Thank you for your interest in Springfield Armory!".

I'm willing to wait if I know I can get it in .45 later, otherwise, I guess I'll get the .40.

Thanks,
Eric


----------



## literaltrance (Dec 24, 2008)

ericridebike said:


> So I really like the XD(m) and I know I want one. My issue is that I really want one in .45acp. Do you guys feel like they'll release one in .45 too? I've e-mailed their customer service to ask the question & was told: " Thank you for your email. Release dates for XD(M) pistols in other calibers and configurations have not yet been determined.
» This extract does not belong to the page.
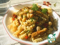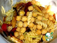 Промыть их холодной водой и добавить к овощам. Добавить нут, перемешать все. |

Please feel free to check back periodically for news and developments.
> Thank you for your interest in Springfield Armory!".
> 
> I'm willing to wait if I know I can get it in .45 later, otherwise, I guess I'll get the .40.
> ...


Yea, to be totally honest I'd love to see a XDM compact in 45ACP, so I hear ya. However, I'm not aware of SA making any kind of move to make any XDM in 45ACP....all supposition at this point.


----------